HW1 Updated Sep9 2014

CSci 5523
Homework 1
Due: Sep 17, 2014
Note: Only a subset of questions will be graded. However, you are required to submit solutions to
all eight questions (1 - 8). Practice question solutions should not be turned in for grading. You are
encouraged to try them out on your own.
For questions specific to this homework please contact Xi Chen and Guruprasad Nayak.
Q1.
Classify the following attributes as binary, discrete, or continuous. Also classify them as qualitative
(nominal or ordinal) or quantitative (interval or ratio). Some cases may have more than one
interpretation, so briefly indicate your reasoning if you think there may be some ambiguity.
Example: Age in years. Answer: Discrete, quantitative, ratio
1. Intensity of a pixel in an 8-bit Grayscale image (http://en.wikipedia.org/wiki/Grayscale)
2. Frequency of light incident on Earths surface (http://en.wikipedia.org/wiki/Frequency#Light)
3. Brightness as measured by peoples judgments
4. HTML color codes (for example, Yellow is encoded as FFFF00. http://html-colorcodes.info/color-names/)
5. Year, as measured on the Gregorian calendar
Q2.
Decide which of the similarity measures described in Chapter 2 would be most appropriate for the
following situations and why.
1. Suppose two of your friends are numismatists (collecting coins from different countries as a
hobby). You also have coins from various countries. You want to decide which friend has the most
similar collection to you. Hint: You can represent each collection as a vector of length 196 of the
official independent countries of the world, where the corresponding entry denotes the number of
coins collected for that country. State any assumption you make about the coin collections.
2. Suppose you measure the temperatures every day at a particular location (e.g., the airport) in 10
widely distributed major cities across the country. Similarity is to be computed between the
temperatures of these cities today and same day of last month. (You have a vector of all 10 cities
temperatures for today and a vector for all 10 cities temperatures for the same day of last month.)
3. A nutritionist wants to measure the dissimilarity of you and your friend based on following
attributes: your height (in meters), weight (in pounds), and your dietary requirement (in calories).

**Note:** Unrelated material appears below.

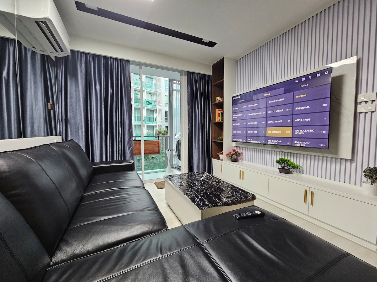時尚海景公寓 ~ 芭達雅市中心絕佳位置! 清晨,讓大海朝陽喚醒您!這間現代化風格的海景公寓,距芭達雅海灘僅300公尺(步行約5分鐘),坐落市中心,面對中央購物中心,異國美食餐廳和夜生活場所等,皆近在咫尺,讓您的假期既悠閒又充滿樂趣。 • 客房亮點: ✔ 時尚海景一房 - 遠眺泰國灣的日出、夕陽美景。 ✔ 天際無邊泳池 - 飽覽暹邏海灣及芭達雅海灘全景。 ✔ 絕佳海濱地點 - 輕鬆步行至海灘、中央購物中心和步行街等。 ✔ 生活設施齊全 - 廚房、廚具、洗衣機,拎包入住、免煩惱。 芭達雅是泰國最具代表性的海濱度假勝地之一,以綿長沙灘、水上活動和豐富夜生活聞名。無論您是想探索城市還是純粹放鬆,這間公寓都是理想之選。 • 入住這間位處中心地段的房源,享受芭達雅海景公寓的時尚品味!

Note that the feature set includes only continuous features.
Q3.
Mapping fire activity is an important problem for supporting climate and carbon cycle studies as
well as forest management. Automated approaches to address this problem use reflectance data
collected from satellites orbiting the Earth to learn a classifier that can differentiate burned areas on
the ground from the unburned ones. Consider the output of two such classification algorithms
The input to the algorithm is the reflectance in 7 wavelength ranges for each 1km by 1km region in
a 1200km by1200km region (tile), i.e., the data is a matrix with 1200*1200=1,440,000 rows and
7 columns, having the reflectance values for each of the 1,440,000 pixels in each of the 7
wavelength regions.
The algorithms output a probability of fire activity for each pixel on the day the satellite imagery
was taken. This probability is also part of the data.
1. We are interested in knowing if the two algorithms agree on the presence or absence of fire at a
given location (pixel) a True/False answer at each location. How would you pre-process the given
data to answer this?
2. The consensus of the two algorithms on the fire activity in the given region (the whole image)

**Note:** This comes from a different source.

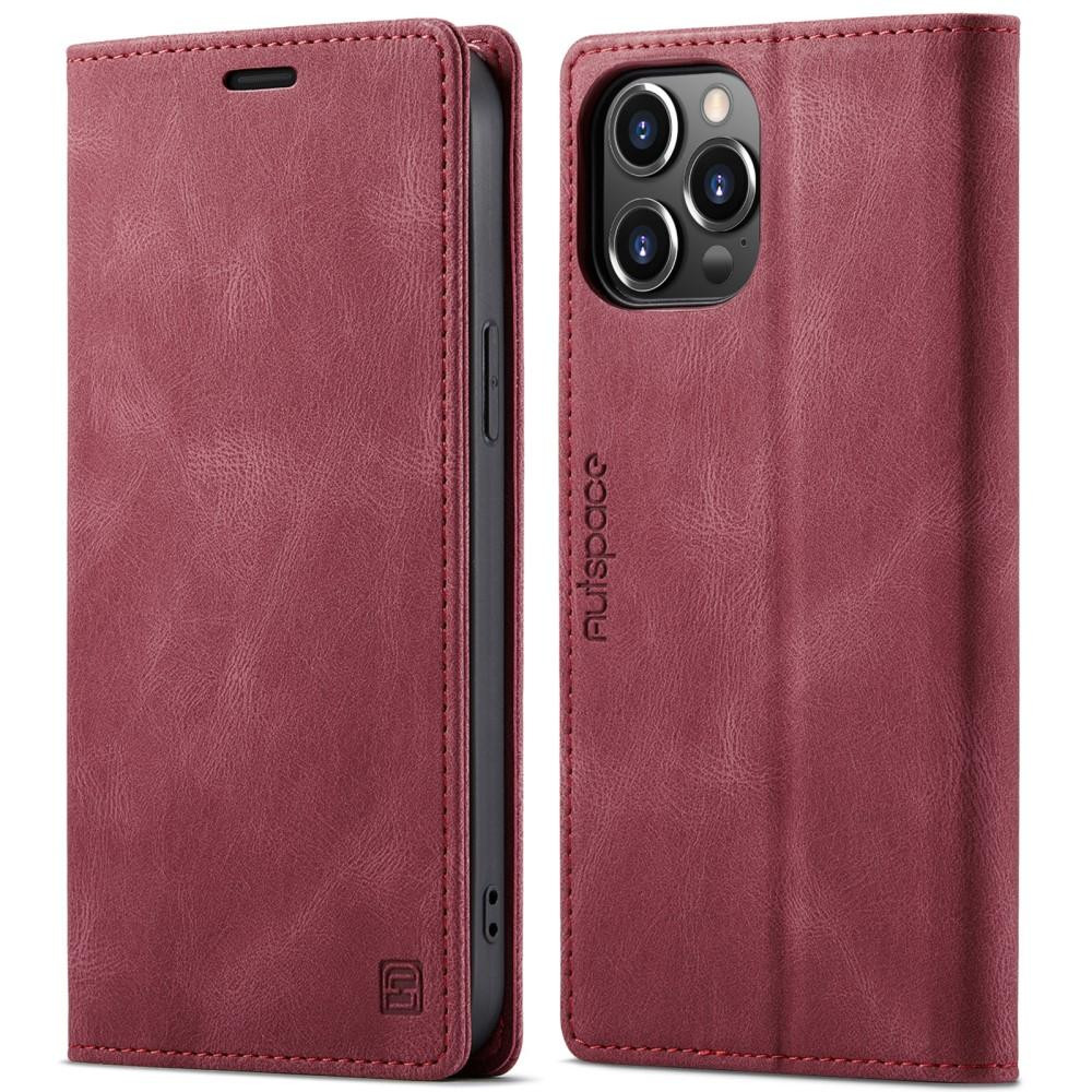 AUTSPACE A01-serie Premium Retro Matte PU-læder flip-stativbetræk med RFID-blokerende magnetisk lukning til iPhone 13 Pro Max 6,7 tommer - Rød

can be quantified by counting the number of such agreements and disagreements with respect to the
predictions of burned/unburned. Considering the output of each algorithm on the whole region as a
vector of length 1,440,000 (one value for each pixel) and doing the preprocessing in step 1, suggest
a suitable similarity measure to quantify the consensus between the two outputs. Note that
consensus between the outputs at a location implies that they both agree that it is a positive (burned
location) or they both call it a negative (unburned location). (For this question, assume that the
number of fire and non-fire pixels is roughly equal)
3. Typically, the number of fire pixels is much less in comparison to the number of non-fire pixels
(<0.1%). Does this have any effect on the similarity measure suggested in part 2? Explain.

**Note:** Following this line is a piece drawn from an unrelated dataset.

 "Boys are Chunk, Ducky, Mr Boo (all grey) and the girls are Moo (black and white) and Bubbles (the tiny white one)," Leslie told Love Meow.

4. Given that the data in hand is spatial in nature, how would you address the issue of missing
reflectance data for a certain pixel?
Q4
For each of the following vectors, x and y, calculate the values of the indicated similarity or
distance measures:
1. x = (1 1 0 0 0), y = (0 0 0 1 1) Jaccard, Cosine, Euclidean, Correlation, mutual information
2. x = (0 1 2 4 5 3), y = (5 6 7 9 10 8) Cosine, Euclidean, Correlation
3. x = (0 1 2 4 5 3), y = (5 5 5 5 5 5) Cosine, Euclidean, Correlation
4. x = (0 1 2 4 5 3), y = (5 5 5 5 5 5.0001) Cosine, Euclidean, Correlation

Q5
You have two similarity measures: Dice coefficient and Roger and Tanimoto coefficient, which are
defined as below.
Dice coefficient
S_DICE = 2a/(2a+b+c)
Roger and Tanimoto coefficient
S_RT = (a+d)/(a+2b+2c+d)
Where, a is the number of features that equal to 1 in both objects; b is the number of features that
are equal to 1 in the first object but are equal to 0 in the second object; c is the number of features
that are equal to 0 in the first object but are equal to 1 in the second object; and d is the number of
features that are equal to 0 in both objects.
Answer the following questions.
1. Is the Dice coefficient appropriate for asymmetric variables? Why?
2. Is the Roger and Tanimoto coefficient appropriate for asymmetric variables? Why?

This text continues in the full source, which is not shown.